Anyway - given my orientation as "body-woman" (my family teases me with that title) it kind of surprised me to realize that I had begun to feel annoyed with the fundamentalist tone of my "adamant-about-asana" friend. I've told her so. And I'll tell her again. We have that kind of honesty in our friendship.

Age is part of the point I'm making in this post. This friend of mine who is 39 has a central practice of and passion for Asana. And that is fine. I get that. I respect that. But it seems to me that she has gotten a little fundamentalist - like EVERY Yoga practitioner who is worth their salt (or sweat) should be doing lots of it, with great vigor and fire and frequency, if they are really on the path.

Well......OK. I do think we go to sleep in our bodies. And just working our comfort zone in our asana practice is a way of forgetting. Not having a "map" that we can access for our inner body, or back body, or subtle body (not to mention our musculo-skeletal body) is a form of sleep. An asana practice that takes one to one's edge - out of one's comfort zone - is important and is a way of self-remembrance. I agree. I just think my friend loses sight of the fact that it is not the only way or the best way. It is the best way for her for now and it will change over the years in ways hat she can't really know ahead of time.

I remember Raobert Svoboda saying that the "big" asana poses in hatha Yoga can be a distraction. Can be....that's a key phrase. He didn't say they are a big distraction. It depends....on things like age and so on.

Which leads me to another point. We don't know what we don't know. When I was 40 or so I think I must have sounded a lot like my friend and nobody could tell me different. "Body Woman knows best!" But now I am in my mid-50's and although I do have a strong asana practice, I no longer have the same perspective and orientation to asana. It is different - and it is still a source of animation and awakening.

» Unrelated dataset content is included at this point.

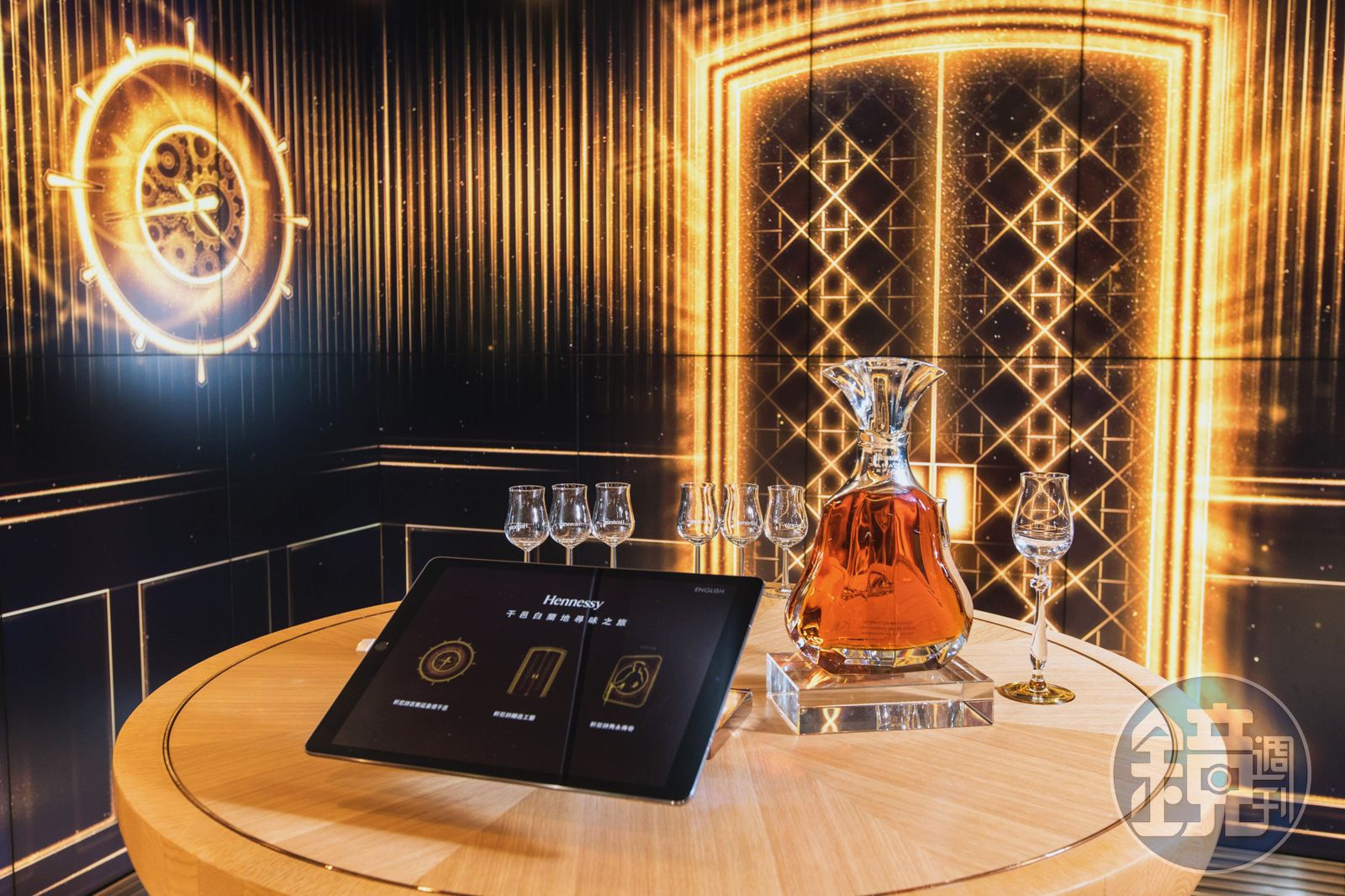 我們一群人穿過華麗的拱形門廊進到小房間裡,便似一腳踏進虛擬世界,來到了Château de Bagnolet,一場虛擬的小旅行就此啟動。軒尼詩以所謂的沉浸式體驗,讓客人透過互動科技,原汁原味體驗旅行到干邑區的微醺感受,從軒尼詩的歷史、釀造到成品,娓娓道來關於頂級干邑的故事,即使是飲酒的門外漢,也能輕易理解;若是精於此道者,更是能從店員口中獲得珍貴情報。

So - still I know that I don't know what I don't know. It hope for the great good fortune of a long life - because of the simple fact that getting old will teach me a lot of that which I can't know until I get there. (I remember thinking I could & did know. I remember counseling a client in my Chinese Medicine and body work practice to do something that I assured her would only take 10 minutes a day. She looked at me sharply and said, " My dear, you have NO IDEA how many
10- minute things we old people are counseled to do in any given day." )

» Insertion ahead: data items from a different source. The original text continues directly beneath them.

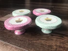 Present your delicious cupcakes in style with this set of four decorative ceramic pedestals from Julia Minasian. These round-shaped stands are perfect for all occasions and feature a traditional style that will add a touch of elegance to your party theme. Each stand has a diameter of 4 inches and a height of 2.1 inches, providing ample space to display your favorite treats. Crafted from high-quality porcelain/ceramic materials, these cupcake holders are not only beautiful but also food-safe. The set includes four cupcake holders making it an ideal choice for showcasing your sweet creations. Whether you are a professional baker or just love to entertain, this cupcake stand display set is a must-have addition to your collection. See pics. I have other items listed. Shipping in the continental US only. No PO Boxes please. All items canceled after payment will be charged a 10% restocking fee.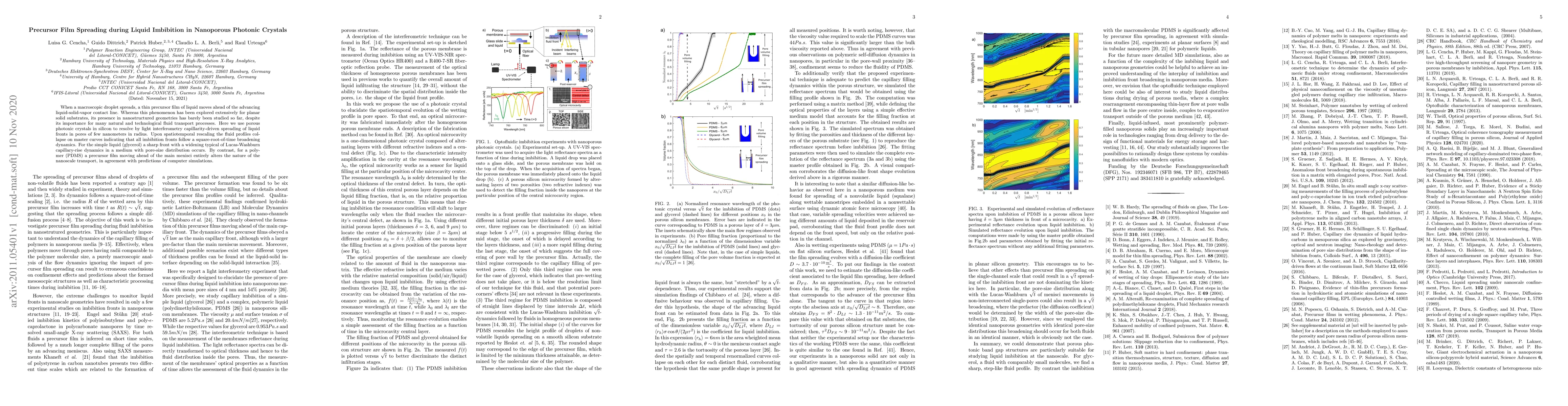 This study investigates the spreading of a precursor film in nanoporous photonic crystals using light interferometry, revealing that imbibition fronts follow a square-root-of-time dynamics. For glycerol, the imbibition exhibits typical capillary-rise behavior, while for PDMS, a precursor film alters nanoscale transport dynamics, aligning with simulation predictions.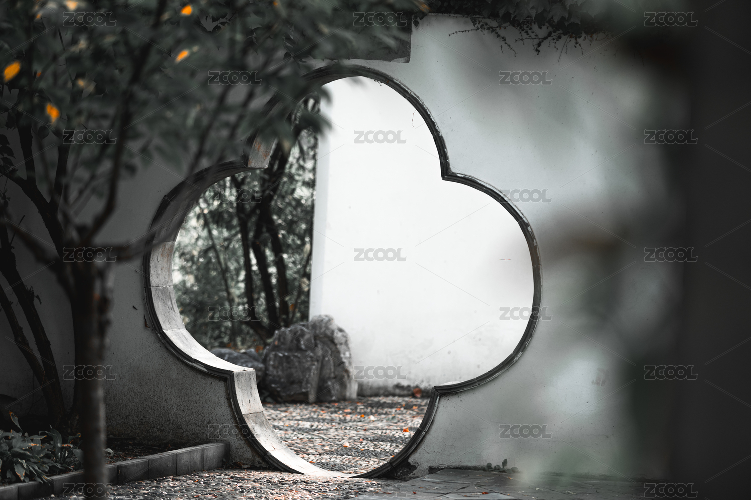 园林中的白墙中式窗户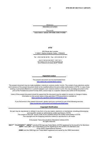 DECTTM, PLUGTESTSTM, UMTSTM and the ETSI logo are Trade Marks of ETSI registered for the benefit of its Members. 3GPPTM and LTE™ are Trade Marks of ETSI registered for the benefit of its Members and of the 3GPP Organizational Partners. GSM® and the GSM logo are Trade Marks registered and owned by the GSM Association. SIST EN 301 502 V12.5.1:2016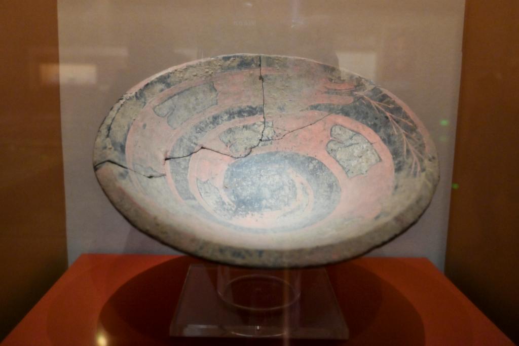 这是在陶寺遗址博物馆展出的蟠龙纹陶盘(2024年11月12日摄)。新华社记者 杨晨光 摄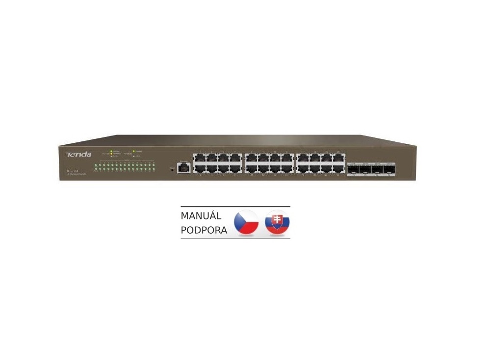 Tenda TEG5328F je Gigabitový L3 switch s 24x RJ45 a 4x SFP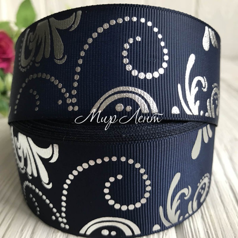Репс із вензелями, 4 см, сапфіровий (срібло), метр

Everything is Consciousness - All way lead to God - in the end. Judging from my Yogini friend in her late 60's and from wise elders I know or have known, it seems that as life goes along we grow into a more inclusive perspective. On the way to that perspective is a proliferation of difference - the relative world in all it's colors and flavors, full of difference.

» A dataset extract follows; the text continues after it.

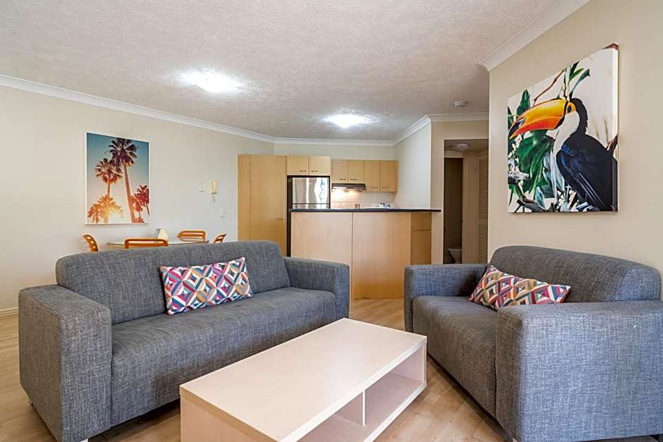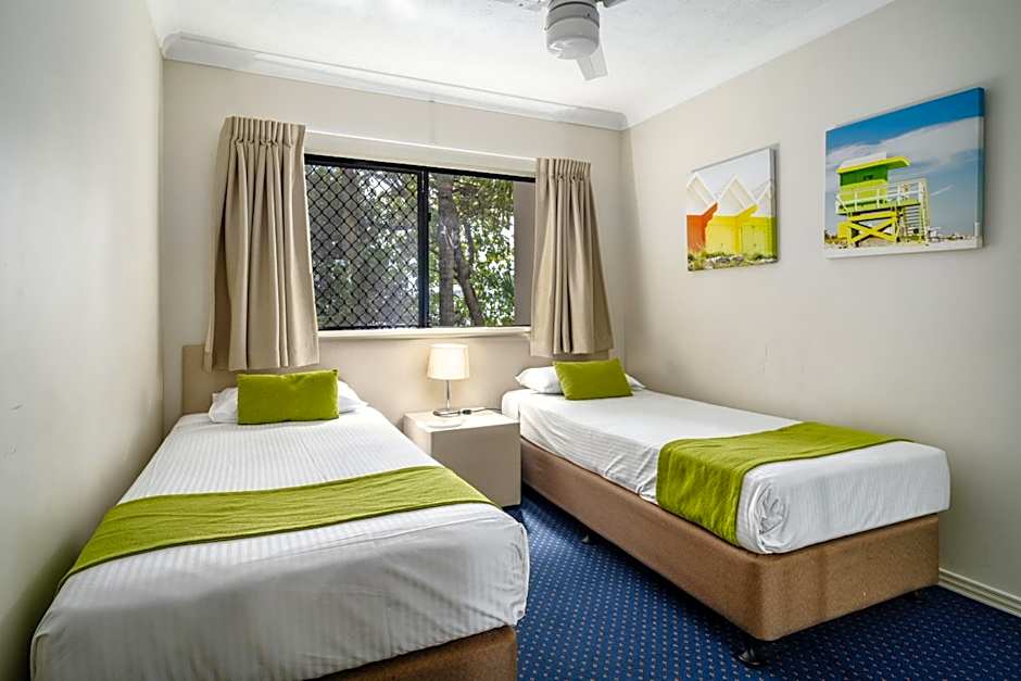 This spacious apartment provides direct access to the resort grounds and offers 2 bathrooms, a fully equipped kitchen and laundry facilities. There are two 40-inch flat-screen TVs, one in the bedroom and one in the living area.

I like the following story of difference in the yoga-myth world:

Gorakshanatha – founder of Hatha Yoga – came to Karnataka, a state in India that is home to deep devotional practices of chanting. Gorakshana had attained the Vajra power (or siddhi) of diamond body through his long practice of Hatha and Alchemy. He was adamant about the practice of hatha Yoga and not surpsisingly he had an adamantine body to go with his adamant perspective.
Gorakshanatha challenged the leader of KarnatikaBhasavanna -(a Bhakta or devotional Yogi) to a contest.
Bhasavanna
was given he first "turn". He struck Gorakshana with a sword and nothing happened. Then it was Gorakshana’s turn. Gorakshana’s sword went right through the Bhasavanna – and also nothing happened. Bhasavanna body had been transmuted to pure consciousness– through the power of devotion.